Goto Hiroshi, Kousaka Akiko, Takano Shigeru, Usui Masahiko
Department of Ophthalmology, Tokyo Medical University, Tokyo, Japan.
Am J Ophthalmol. 2002 Nov;134(5):773-5. doi: 10.1016/s0002-9394(02)01693-8.
To report a case of retinoblastoma that recurred 12 years after brachytherapy.
Interventional case report.
A 2-month-old boy presented in December 1983 with bilateral retinoblastoma and was treated with bilateral 198Au plaque radiotherapy, photocoagulation, and cryotherapy. He maintained a visual acuity of 20/200 in both eyes. In December 1995, he had a sudden decrease of vision in the right eye and vitreous hemorrhage with fluffy opacification.

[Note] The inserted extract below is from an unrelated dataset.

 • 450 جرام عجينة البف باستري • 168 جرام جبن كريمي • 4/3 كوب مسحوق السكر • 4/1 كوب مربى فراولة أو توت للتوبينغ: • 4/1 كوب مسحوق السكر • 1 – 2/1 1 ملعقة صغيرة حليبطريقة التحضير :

In January 1996, cytopathologic examination of large keratic precipitates in the right eye demonstrated cells consistant with retinoblastoma. The right eye was enucleated and diffuse retinoblastoma was noted histopathologically. Systemic chemotherapy was given, and there has been no local recurrence or extraocular metastasis for 5 years.
This case emphasizes that long-term follow-up is essential for managing retinoblastoma after eye-preserving conservative therapy.

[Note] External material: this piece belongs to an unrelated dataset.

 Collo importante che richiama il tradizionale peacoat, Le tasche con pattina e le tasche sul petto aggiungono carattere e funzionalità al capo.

报告1例近距离放射治疗后12年复发的视网膜母细胞瘤病例。
介入性病例报告。
一名2个月大男孩于1983年12月因双侧视网膜母细胞瘤就诊,接受了双侧198Au敷贴放射治疗、光凝治疗和冷冻治疗。他双眼视力维持在20/200。1995年12月,他右眼视力突然下降,出现玻璃体积血并伴有絮状混浊。
1996年1月,对右眼大量角膜后沉着物进行细胞病理学检查,发现细胞与视网膜母细胞瘤一致。右眼行眼球摘除术,组织病理学检查发现弥漫性视网膜母细胞瘤。给予全身化疗,5年来无局部复发或眼外转移。
该病例强调,对于保留眼球的保守治疗后的视网膜母细胞瘤患者,长期随访至关重要。